Models#
- class legateboost.models.Tree(max_depth: int = 8, split_samples: int = 256, alpha: float = 1.0)#
Decision tree model for gradient boosting.
Instead of exhaustive search over all possible split values, a random sample of size split_samples is taken from the dataset and used as split candidates. The tree learner matches very closely a histogram type algorithm from XGBoost/LightGBM, where the split_samples parameter can be tuned like the number of bins.
- Parameters:
max_depth (int) – The maximum depth of the tree.
split_samples (int) – The number of data points to sample for each split decision. Max value is 2048 due to constraints on shared memory in GPU kernels.
alpha (float) – The L2 regularization parameter.
- fit(X: ndarray, g: ndarray, h: ndarray) Tree #
Fit the model to a second order Taylor expansion of the loss function.
- Parameters:
X – The training data.
g – The first derivative of the loss function with respect to the predicted values.
h –
- The second derivative of the loss function with
respect to the predicted values.
- Returns:
The fitted model.
- Return type:
BaseModel
- predict(X: ndarray) ndarray #
Predict class labels for samples in X.
- Parameters:
X (array-like of shape (n_samples, n_features)) – The input samples.
- Returns:
y_pred – The predicted class labels.
- Return type:
ndarray of shape (n_samples,)
- update(X: ndarray, g: ndarray, h: ndarray) Tree #
Update the model with new training data.
- Parameters:
X – The training data to update the model with.
g – The first derivative of the loss function with respect to the model’s predictions.
h – The second derivative of the loss function with respect to the model’s predictions.
- Returns:
The updated model.
- Return type:
BaseModel
- class legateboost.models.Linear(alpha: float = 1e-05, solver: str = 'direct')#
Generalised linear model.

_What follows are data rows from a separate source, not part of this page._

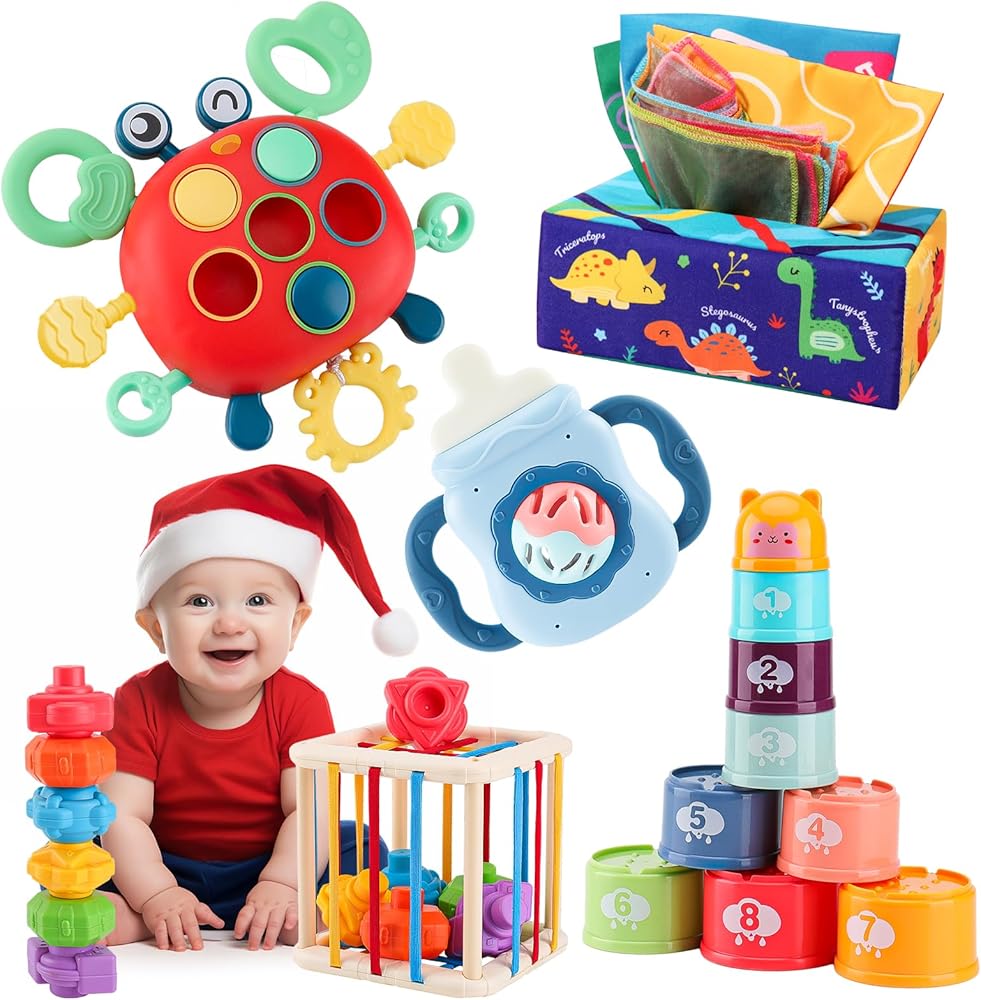 kadayaya مونتيسوري لعبة الطفل لمدة 6 12 18 شهرا، لعبة عضاضة خشخيشة صندوق الأنسجة سحب سلسلة لعبة السلطعون، اللعب الحسية الرضع شكل صندوق تخزين، التراص لعبة الكأس هدية للأطفال الصغار الفتيان الفتيات 1 2 3 سنة من العمر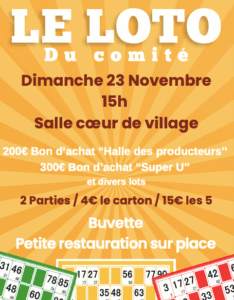 Le comité vous organise un loto d’exception avec des lots de qualités, une buvette inimitable, ainsi que des crêpes et des gaufres sensationnelles.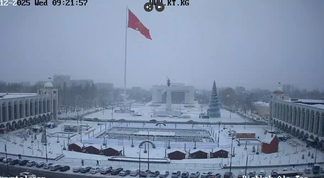 С утра город засыпало густым снегом, улицы и площади полностью укрыты белым слоем. На площади Ала-Тоо наблюдается плохая видимость, деревья и автомобили покрыты снегом, движение затруднено. Коммунальные службы работают в усиленном режиме, чтобы справиться с последствиями стихии.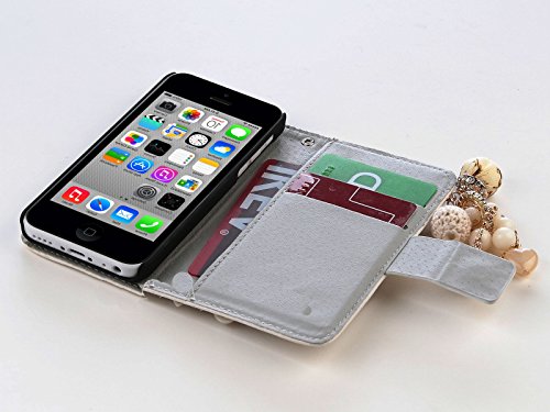 myLife Unique Pearl White I Love You + Diamond Gems + Gold Tassle {Creative Design} Faux Leather (Card, Cash and ID Holder + Magnetic Closing) Slim Wallet for the iPhone 5C Smartphone by Apple (External Textured Synthetic Leather with Magnetic Clip +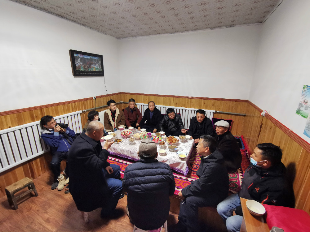 采訪團在博樂市貝鄉(xiāng)決肯村村民家中調研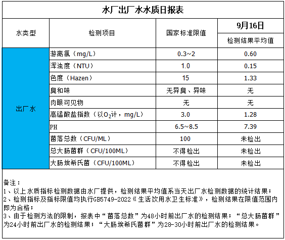 水廠出廠水水質(zhì)日報表(2025-9-16)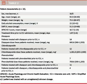 Five women and ten men were included. Their mean age was 50.9 years (36-69 years). See Table 2 for patient characteristics. All patients had prior contacts to the health-care system for alcohol withdrawal; one patient had been diagnosed with DT during an earlier admission. Apart from one patient who was registered as having an abuse of benzodiazepines (30 mg diazepam daily), no other medicine or substance abuse was registered. The average reported alcohol consumption was 22 U (1 U = 12 g, or 1.5 cl of 100% alcohol) daily. Treatment for alcohol withdrawal and DT was started in the medical or psychiatric ward, a total of 14 patients were treated with diazepam, seven received phenobarbital, while 12 received chlordiazepoxide. Medication was given over approximately two days without adequate effect (sleep) before admittance to the ICU.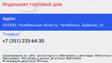 Индюшкин, торговый дом по адресу 454100, Челябинская область, Челябинск, Бейвеля, 14 в дальнейшем Организация, размещена в следующих категориях: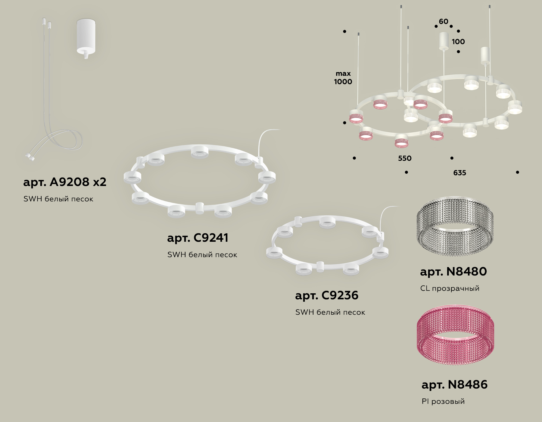 - Цвет плафонов: Прозрачный, Розовый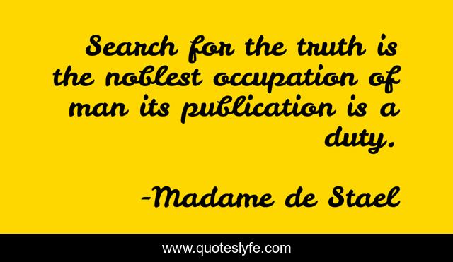 This page presents the quote "Search for the truth is the noblest occupation of man its publication is a duty.". Author of this quote is Madame de Stael. This quote is about search, truth is, man,.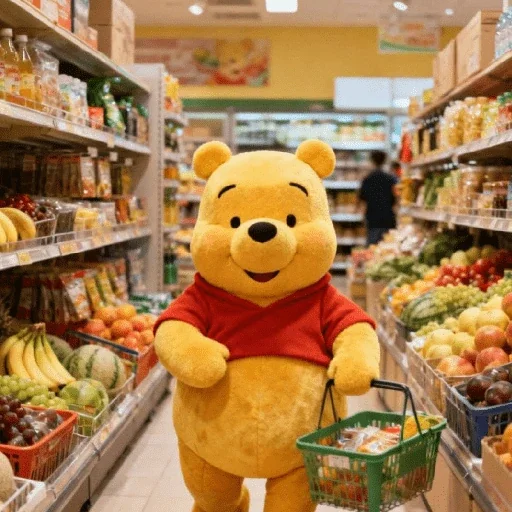 Un oso Winnie-the-Pooh sonriente, con una camisa roja, está en un pasillo de supermercado con una cesta de compras verde en la mano.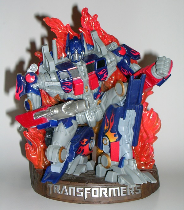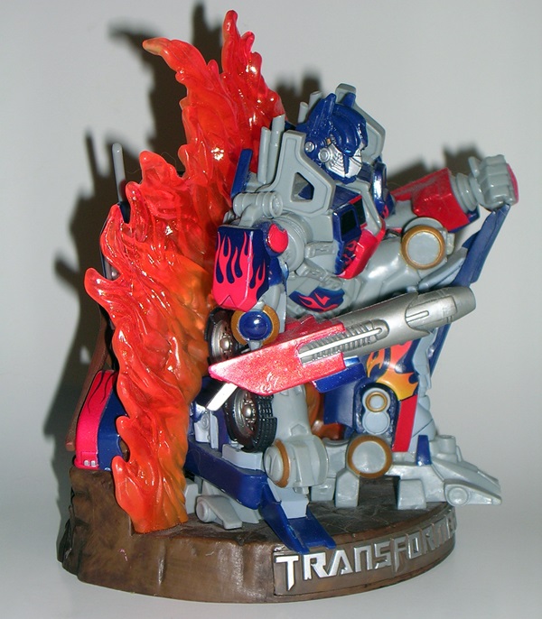 I don’t have the packaging for this wonderful object d’art any longer, but I seem to recall it coming in some sort of window box. I also need not confess to actually buying it, as it was a present from the former Mrs. FigureFan. I’m tempted to say it was well-intentioned, but unfortunately she turned out to be quite a vindictive headcase, so it could have just as easily been gifted out of spite. Anyway, the idea here is that in the true nature of the Transformers, this is actually two-Two-TWO statues in one! On one side, it’s Prime in his truck mode, but turn it around and there he is in his robot mode. You see? It’s like a Transfromer but it’s a statue!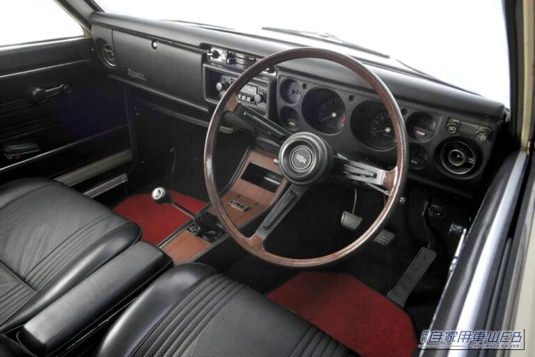 車体デザインと同様に、インパネも直線基調で非常にシンプル。これは当時の欧米のトレンドを取り入れたもので、視認性と操作性を重視したもの。SSSに設定された3本スポークステアリングは、ウッドリムのコーンタイプを採用。

Boosting linear models is equivalent to fitting a single linear model where each boosting iteration is a newton step. Note that the l2 penalty is applied to the weights of each model, as opposed to the sum of all models. This can lead to different results when compared to fitting a linear model with sklearn.
It is recommended to normalize the data before fitting. This ensures regularisation is evenly applied to all features and prevents numerical issues.
Two solvers are available. A direct numerical solver that can be faster, but uses more memory, and an iterative L-BFGS solver that uses less memory but can be slower.
- Parameters:
alpha (L2 regularization parameter.)
solver ("direct" or "lbfgs") – If “direct”, use a direct solver. If “lbfgs”, use the lbfgs solver.
- bias_#
Intercept term.
- Type:
ndarray of shape (n_outputs,)
- betas_#
Coefficients of the linear model.
- Type:
ndarray of shape (n_features, n_outputs)
- fit(X: ndarray, g: ndarray, h: ndarray) Linear #
Fit the model to a second order Taylor expansion of the loss function.
- Parameters:
X – The training data.
g – The first derivative of the loss function with respect to the predicted values.
h –
- The second derivative of the loss function with
respect to the predicted values.
- Returns:
The fitted model.
- Return type:
BaseModel
- predict(X: ndarray) ndarray #
Predict class labels for samples in X.
- Parameters:
X (array-like of shape (n_samples, n_features)) – The input samples.
- Returns:
y_pred – The predicted class labels.
- Return type:
ndarray of shape (n_samples,)
- update(X: ndarray, g: ndarray, h: ndarray) Linear #
Update the model with new training data.
- Parameters:
X – The training data to update the model with.
g – The first derivative of the loss function with respect to the model’s predictions.
h – The second derivative of the loss function with respect to the model’s predictions.
- Returns:
The updated model.
- Return type:
BaseModel
- class legateboost.models.KRR(n_components: int = 100, alpha: float = 1e-05, sigma: float | None = None, solver: str = 'direct')#
Kernel Ridge Regression model using the Nyström approximation. The accuracy of the approximation is governed by the parameter n_components <= n. Effectively, n_components rows will be randomly sampled (without replacement) from X in each boosting iteration.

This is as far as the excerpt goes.